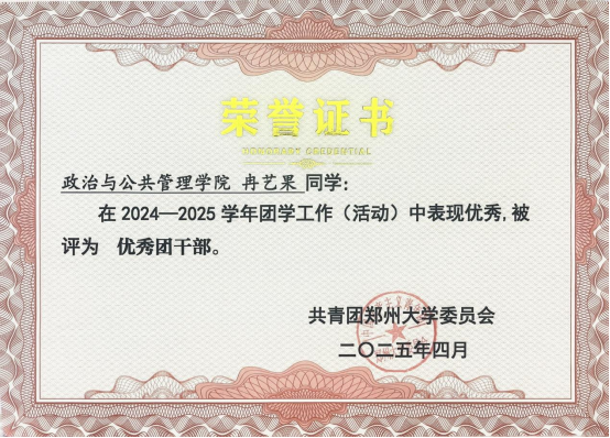 冉艺果,女,中共预备党员,郑州大学政治与公共管理学院2022级本科生,现已推免至武汉大学政治与公共管理学院国际政治系深造。现任年级团总支,曾任郑州大学政治与公共管理学院公共管理类5班班长、2022级副年级长。连续三年获得国家励志奖学金、一等奖学金、欧莱雅奖学金。荣获校“三好学生”“优秀学生干部”“优秀团干部”等荣誉。还曾在“挑战杯”大学生课外学术科技作品竞赛中获得省级二等奖,代表学校参与第二十届中国模拟联合国大会等。在政管院三年时光里,她以坚定的信念、踏实的步履,在学业、工作、实践与科研的多元舞台上,诠释着新时代青年党员的责任与担当,绽放出璀璨的先锋光芒。
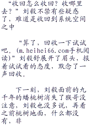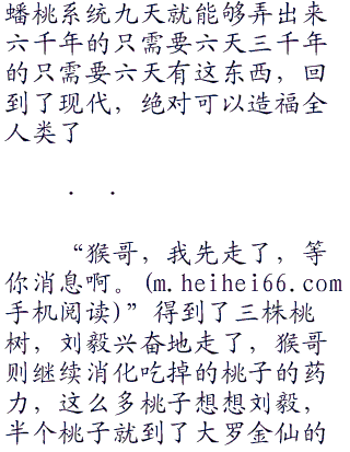 一路上,刘毅将七十二变发挥到了极致,一会变成苍蝇,一会变成仙鹤,一会又变成石头,总之避过了所有人的耳目,悄悄地进入了蟠桃园。
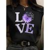 Kärlek Fred Blommor Tryck T-shirt Dam Sommar Rundhalsad Kläder Trendig Hip Hop Kortärmad All-Match Y2K Dam T-shirt
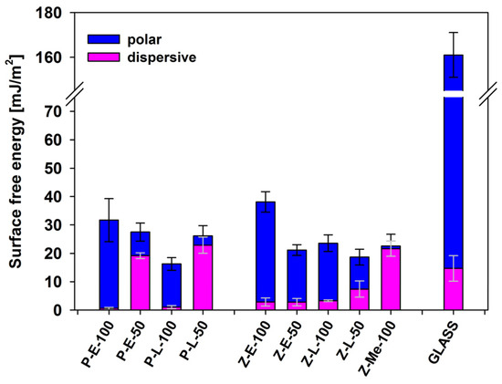Uncoated, clean glass was used as a control sample. It was not possible to prepare thin layers of P-H-100 and P-H-50 on glass substrates due to their low density (0.9–1.1 g/mL).
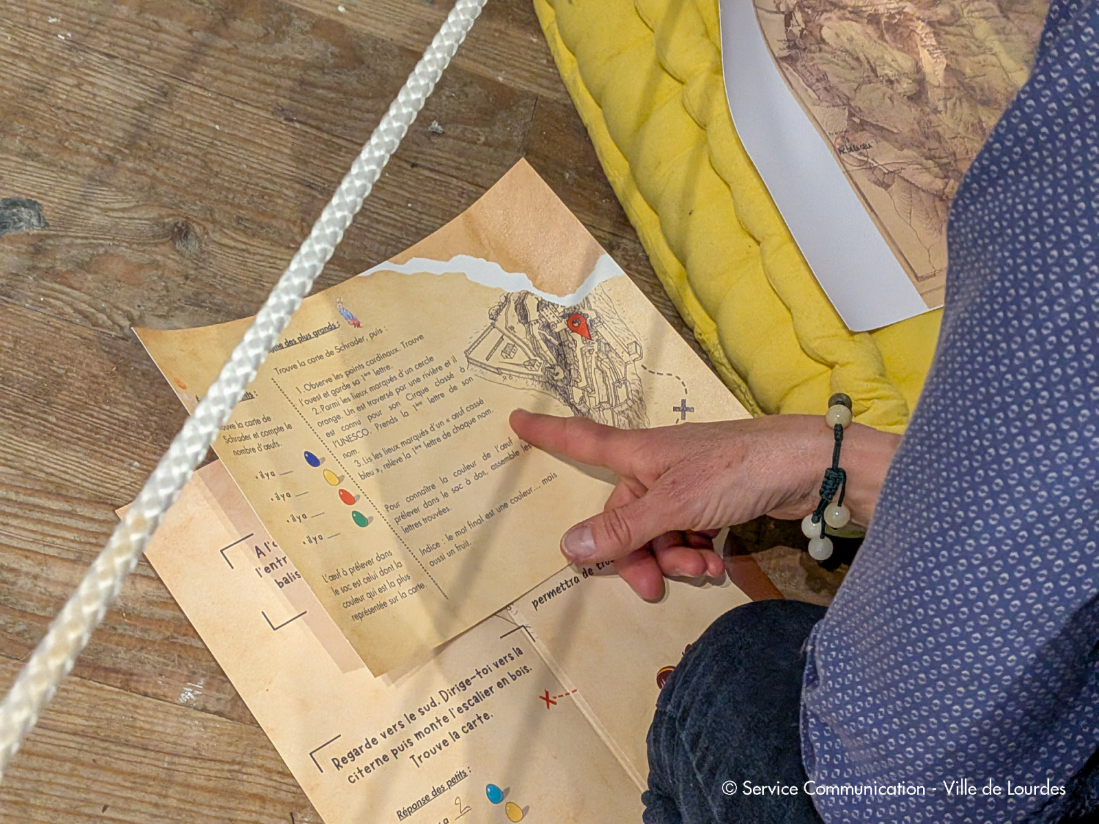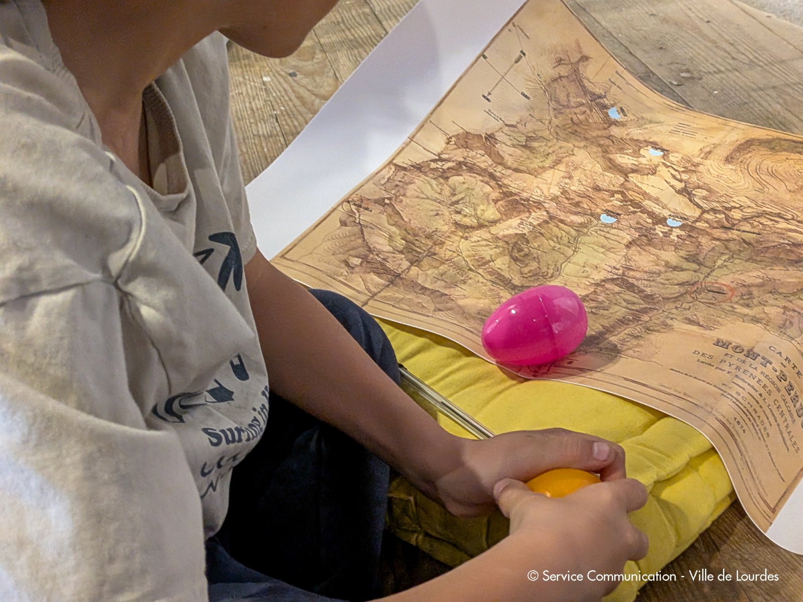 Munis de leur carte au trésor, les enfants ont silloné les recoins du Château fort – Musée pyrénéen à la recherche du bout de carte manquant. Une fois le puzzle reconstitué, la carte complète leur a révélé l’emplacement d’un savoureux trésor de Pâques !

(TASK DETAILS): Please reproduce each line of the listing above exactly, skipping pictures.

(ANSWER SPACE):
 冉艺果,女,中共预备党员,郑州大学政治与公共管理学院2022级本科生,现已推免至武汉大学政治与公共管理学院国际政治系深造。现任年级团总支,曾任郑州大学政治与公共管理学院公共管理类5班班长、2022级副年级长。连续三年获得国家励志奖学金、一等奖学金、欧莱雅奖学金。荣获校“三好学生”“优秀学生干部”“优秀团干部”等荣誉。还曾在“挑战杯”大学生课外学术科技作品竞赛中获得省级二等奖,代表学校参与第二十届中国模拟联合国大会等。在政管院三年时光里,她以坚定的信念、踏实的步履,在学业、工作、实践与科研的多元舞台上,诠释着新时代青年党员的责任与担当,绽放出璀璨的先锋光芒。
 一路上,刘毅将七十二变发挥到了极致,一会变成苍蝇,一会变成仙鹤,一会又变成石头,总之避过了所有人的耳目,悄悄地进入了蟠桃园。
 Kärlek Fred Blommor Tryck T-shirt Dam Sommar Rundhalsad Kläder Trendig Hip Hop Kortärmad All-Match Y2K Dam T-shirt
Uncoated, clean glass was used as a control sample. It was not possible to prepare thin layers of P-H-100 and P-H-50 on glass substrates due to their low density (0.9–1.1 g/mL).
 Munis de leur carte au trésor, les enfants ont silloné les recoins du Château fort – Musée pyrénéen à la recherche du bout de carte manquant. Une fois le puzzle reconstitué, la carte complète leur a révélé l’emplacement d’un savoureux trésor de Pâques !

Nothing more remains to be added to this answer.